- _Activity_: Quote all of the data exactly as given. Skip every picture it contains.

- _Data excerpt_:
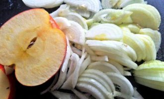 • Крупное яблоко нарезать на дольки. Лук тоже полукольцами.
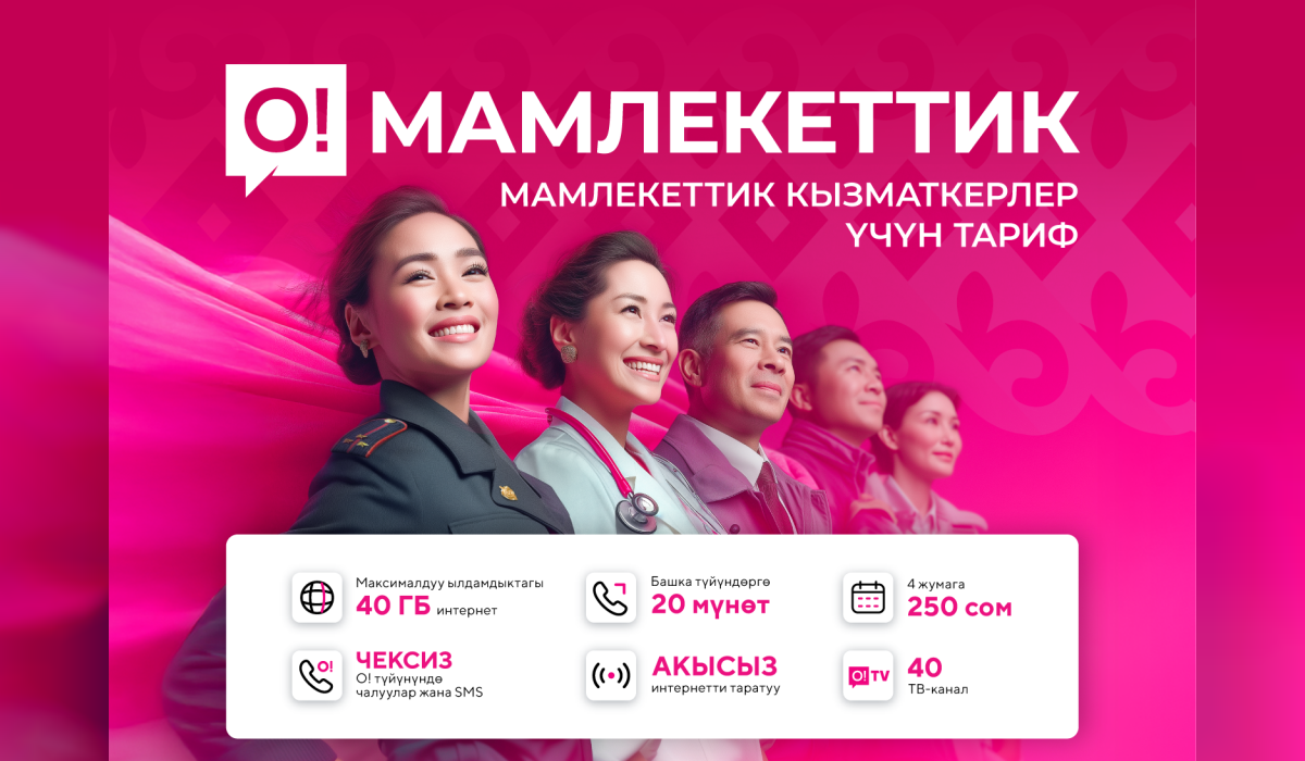 Эми мамлекеттик кызматкерлердин баары «О!Мамлекеттик» атайын тарифин кошуп алса болот. Тарифтин алкагында 4 жумага 250 сом менен төмөнкүлөр жеткиликтүү:
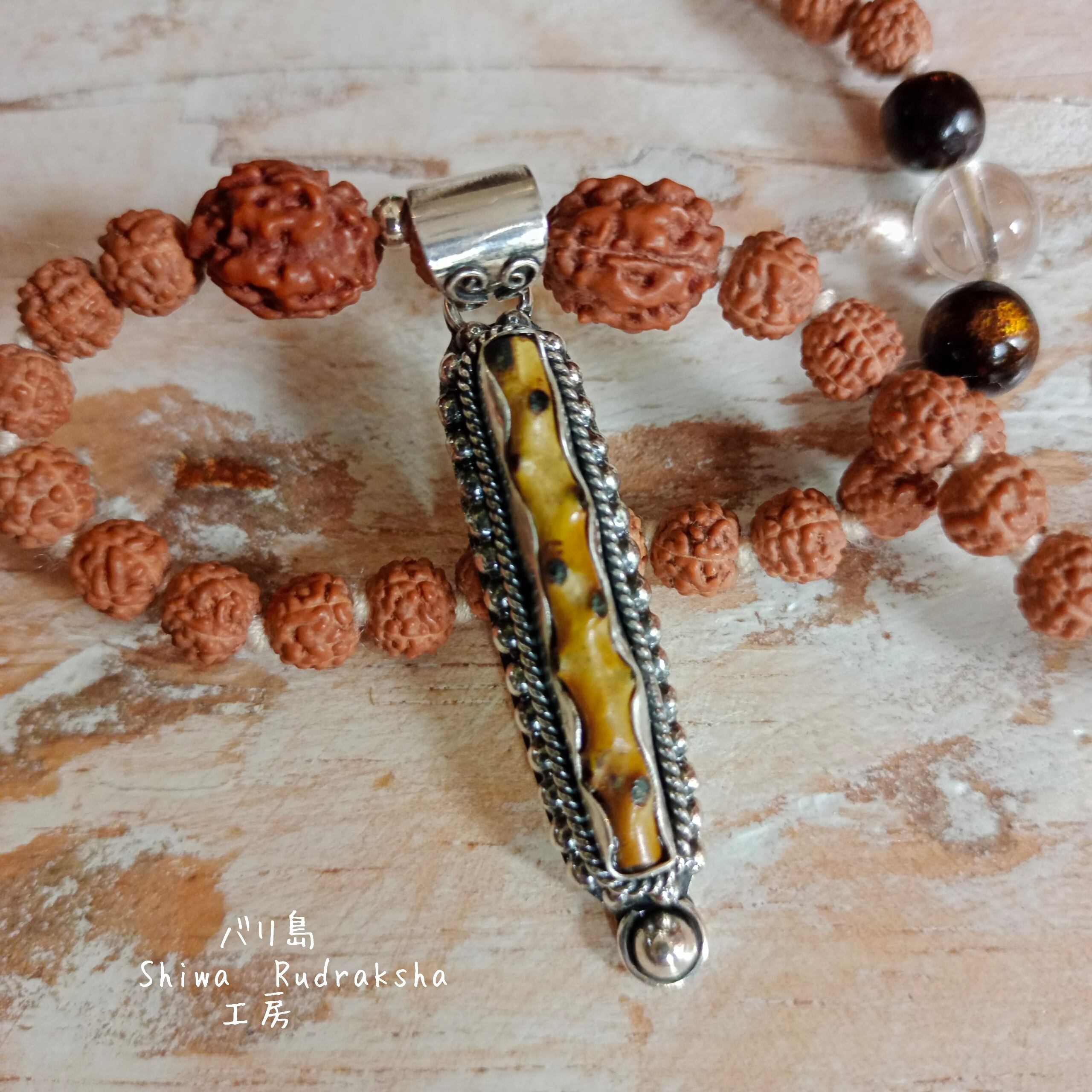 インドネシア産「ゴールドウリ」の中でもレアな珊瑚「スートラウマス・チェマラ」の原木サンゴをペンダントトップにしたルドラクシャネックレスです。

- _Output for this task_:
 • Крупное яблоко нарезать на дольки. Лук тоже полукольцами.
 Эми мамлекеттик кызматкерлердин баары «О!Мамлекеттик» атайын тарифин кошуп алса болот. Тарифтин алкагында 4 жумага 250 сом менен төмөнкүлөр жеткиликтүү:
 インドネシア産「ゴールドウリ」の中でもレアな珊瑚「スートラウマス・チェマラ」の原木サンゴをペンダントトップにしたルドラクシャネックレスです。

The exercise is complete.